In this lesson you will be arranging a sampled groove onto live kit using the song Forest by 21 Pilots as an example. The groove in question comes in right at the start of the song and if you listen and is made up entirely of electronically created parts. If you do a quick youtube search for live versions of the song you will see the drummer using a trigger pad to re-create these sounds but these are expensive and most drummers don't have then on this kit. The main aim of this lesson is to try and help you work out how to replicate those parts on gear you would normally own.

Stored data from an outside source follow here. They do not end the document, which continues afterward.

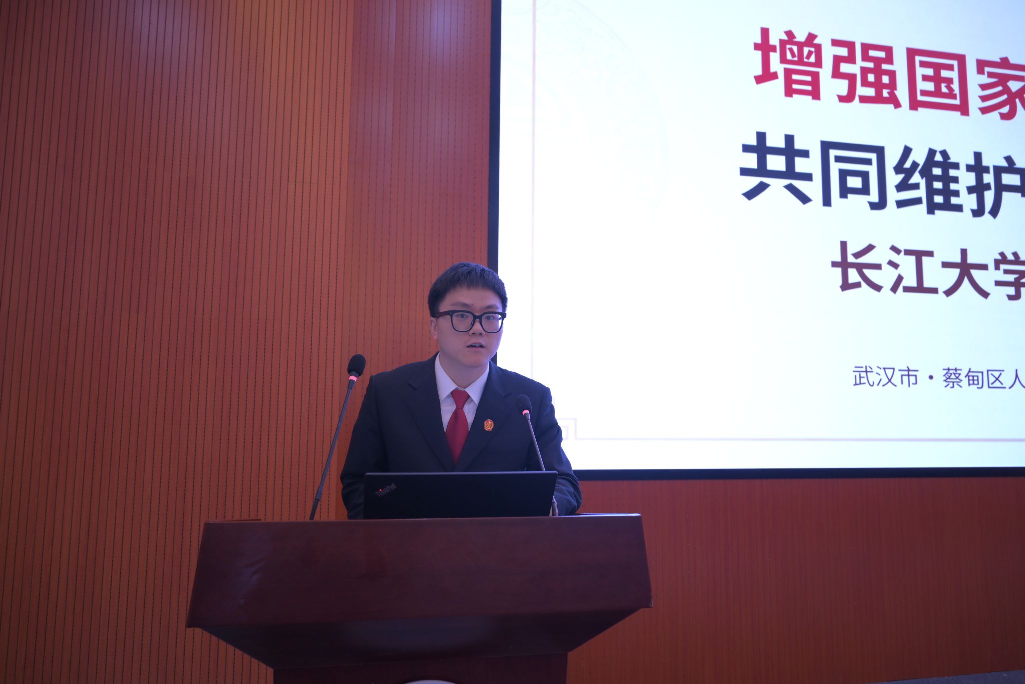 (通讯员 荆鑫/文 李莹/摄)为深入贯彻总体国家安全观,增强大学生国家安全意识,在第十一个全民国家安全教育日来临之际,武汉校区管委会于4月9日下午在就业宣讲厅举行了一场“全民国家安全教育日”专题讲座,蔡甸区人民法院法官曹银波受邀主讲,来自校区各学院的160余名师生代表参加活动。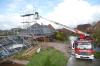 Eine Gruppe der Feuerwehr Wilster wurde zu einer Baustelle in der Straße Op de Weid alarmiert, weil ein Baugerüst nach starken Windboen zum Teil umgekippt war und noch stehende Reste auf ein Haus umzukippen drohten. Mit Hilfe der Drehleiter wurden Leinen und Spanngurte an dem noch stehenden Rest des Gerüsts befestigt und es so gegen umkippen gesichert.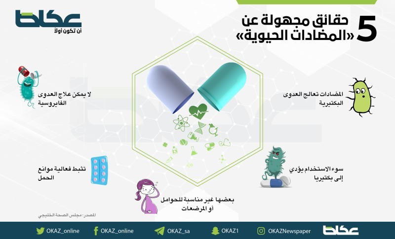 قال مجلس الصحة الخليجي إن للمضادات الحيوية خمس حقائق قد يجهلها الكثير من مستخدميها، وإن المضادات تختلف بحسب نوعها وطريقة استخدامها.
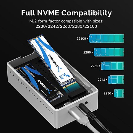 SABRENT Tool Free USB-C Dual M.2 PCIe SSD Docking Station w/ Offline Cloning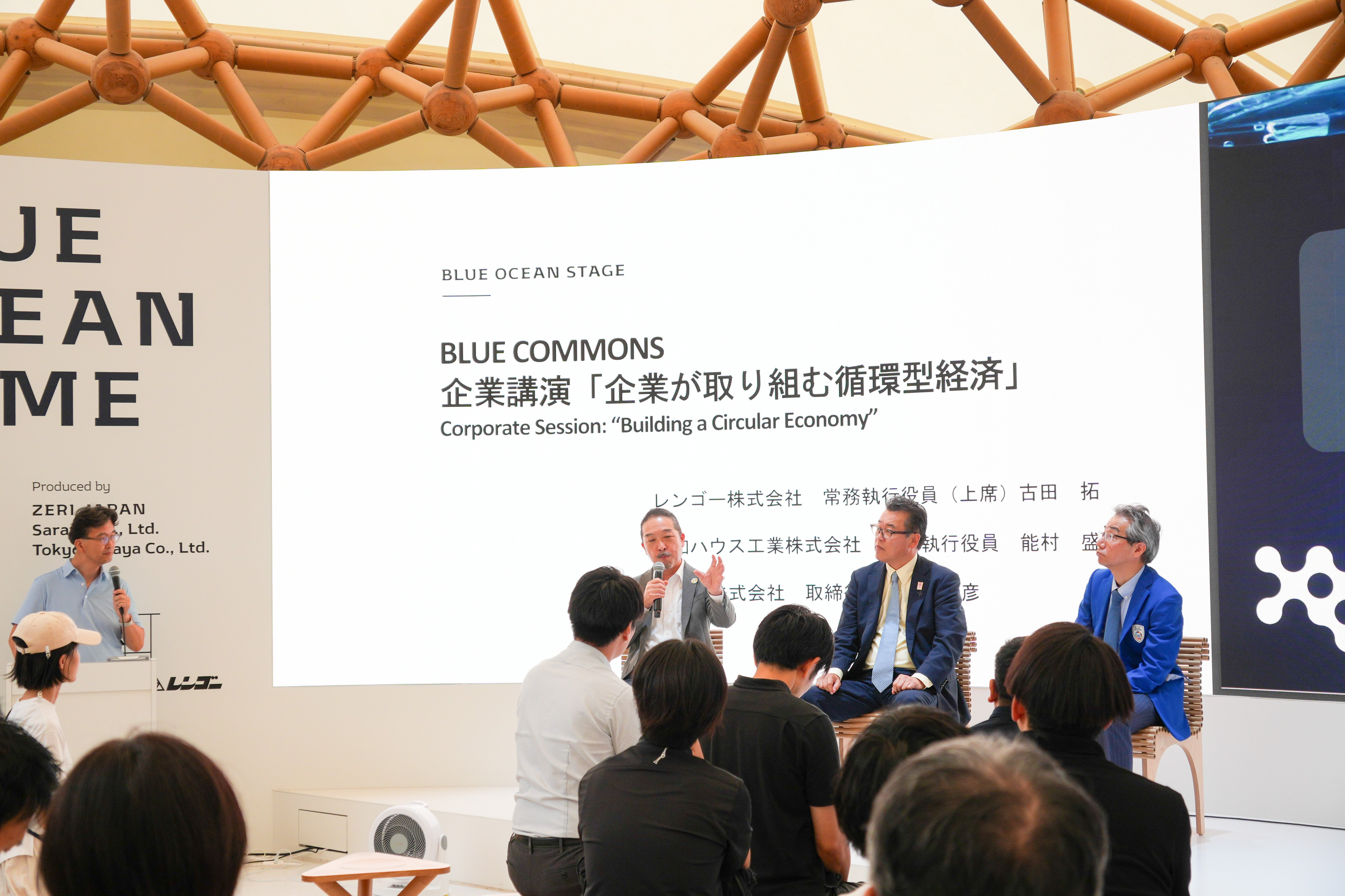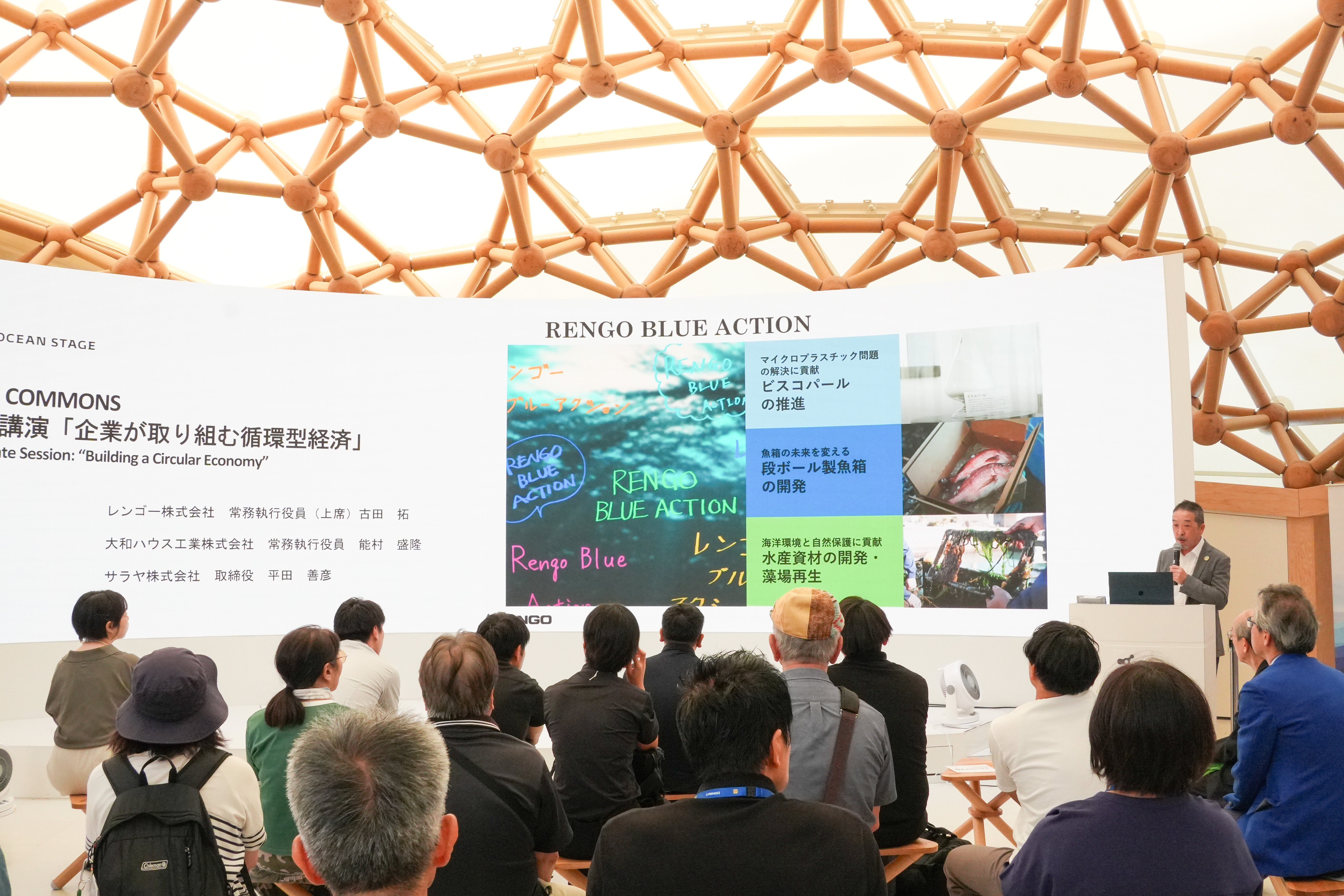 On the 15th, the Corporate Session on the theme of "Building a Circular Economy" was held. Lectures were given by representatives from Daiwa House Industry Co., Ltd., Saraya Co., Ltd., and Rengo Co., Ltd. (this company), who presented the cutting-edge resource circulation and sustainability initiatives that the companies supporting BLUE OCEAN DOME are carrying out. A roundtable discussion among the presenters was held in the second half.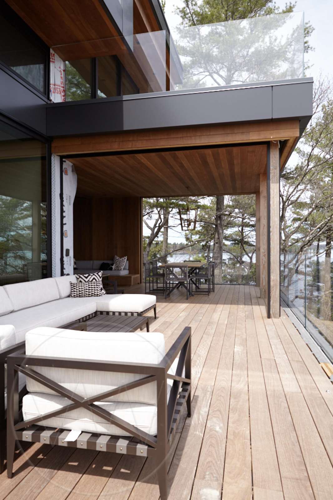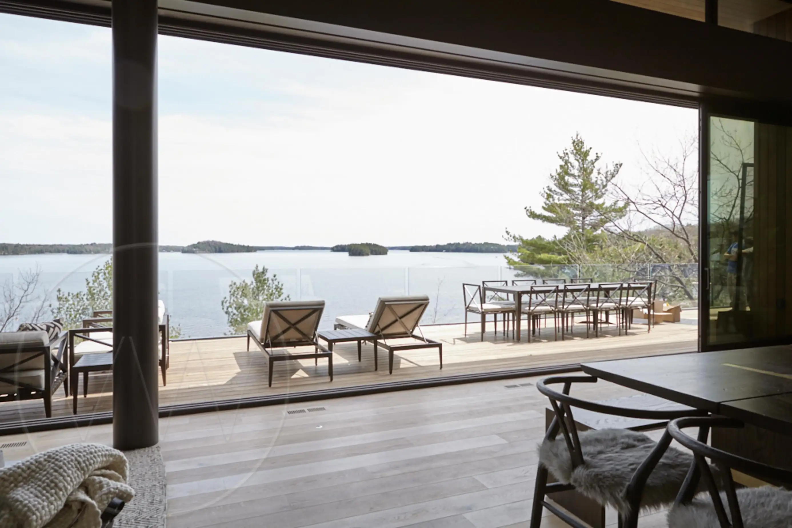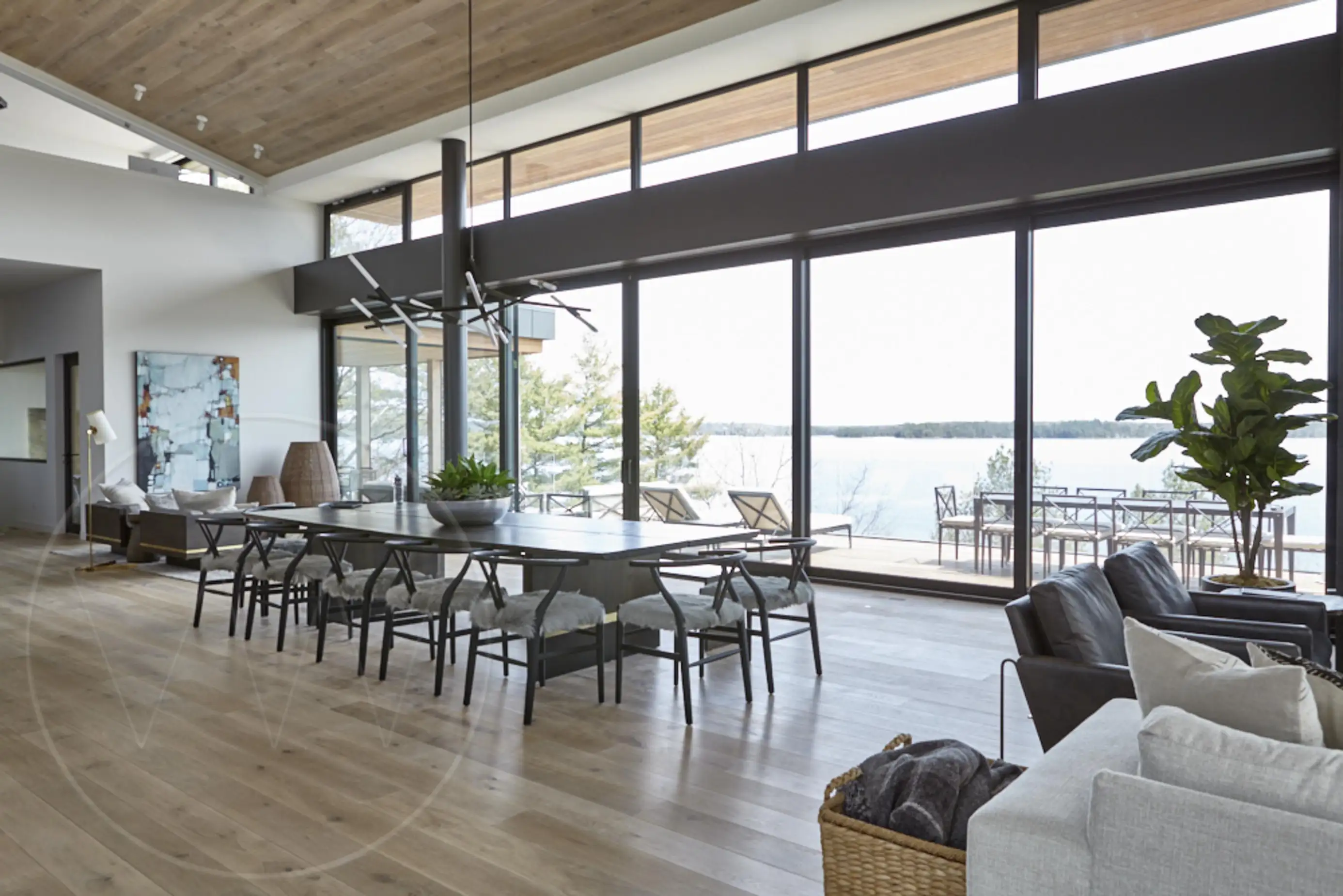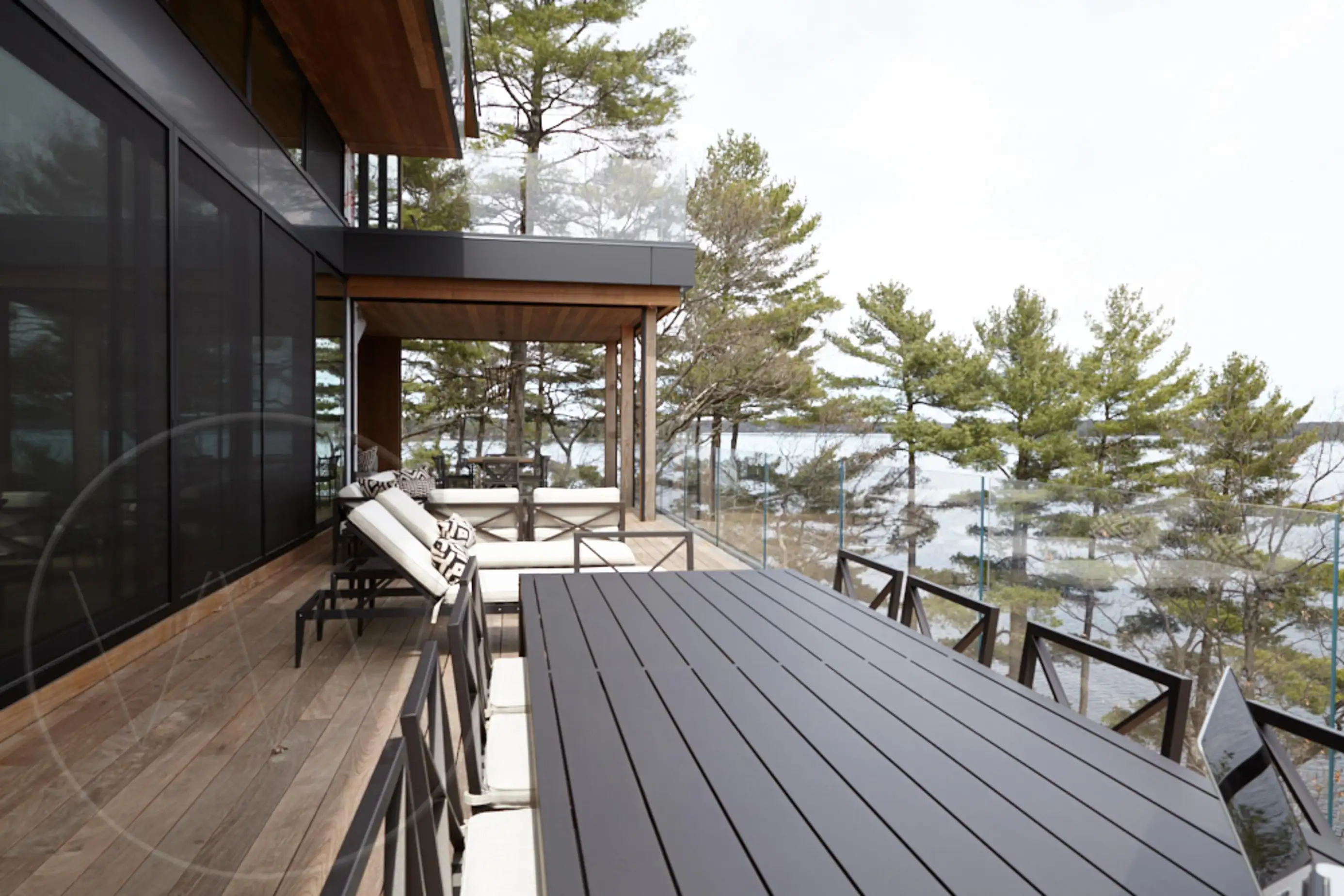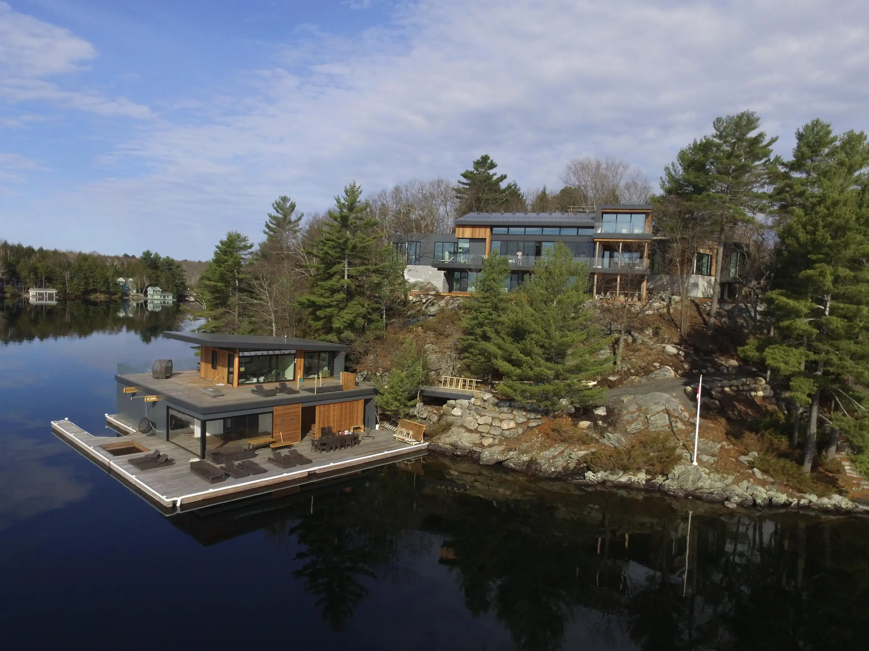 Exquisite contemporary cottage on Lake Joseph. Situated on a point with desirable south exposure and privacy, this 12 bedroom 13 bathroom cottage has exceptional lake views.

Through this page a one bar groove will be built up step by step. The focus will be on listening to the sounds used and working out what would most sound like that. So listen back again to that main groove part underneath the intro. The most obvious part is the bass drum on beat 1 of the bar, most drum kits have a bass drum so that's easy enough! There is also something that sounds like a shaker being played on the quarter note counts. Now, you could actually use a shaker for this and let your left hand deal with some of the other sounds used within the bar. That would sound accurate and later on in the song there is space for you to put the shaker down and pick up a stick but what we are trying to do here is replicate parts. So what sounds like a shaker on a standard drum kit? Some kind of cymbal would be best and it should be something with a shortist sound. To me, a half open hi hat would be the most obvious. So far that gives us this:
The next thing that jumps out to me is an accented note on the 'a' after beat 2, which could be thought of as the grooves back beat. On the recording this is a sort of scratchy, short, sharp sound and to me the snare drum would be appropriate for this. If you listen closely the pitch of this back beat changes in the second bar of the phrase. If you wanted to get really techical you could use a standard snare for the first bar then in the second switch to a second snare or play a rim shot. With the snare added we have this:
The next bit gets a bit tricker. On beat four there are some eighth notes that a played with a kind of clicky, wooden tone. The note on the beat is higher pitched than the one that falls on the '+'. If there was just one pitch a Side Stick would work well, but ideally we want those two different tones. Toms are an option but they aren't really matching with the tone so I think the Rims of the toms might be better. That gives you a nice 'clicky' sound and there are multiple pitches to work with. Here's what that looks like with those added in:
Finally, another of those clicky sounds is on the '+' count right at the start of the bar and is the lower pitched sound. So the full groove arranged for kit would be like this:
That completes the groove and hopefully has helped with arranging parts in this manner!
- Learn the full groove upto a tempo of at least 121bpm, which is the speed of the song.
- Listen through the rest of the song and try to pick out some other parts that are samples. Arrange them for live kit.
- Apply the groove to a four or eighth bar phrase.
- Try playing a long to the full song.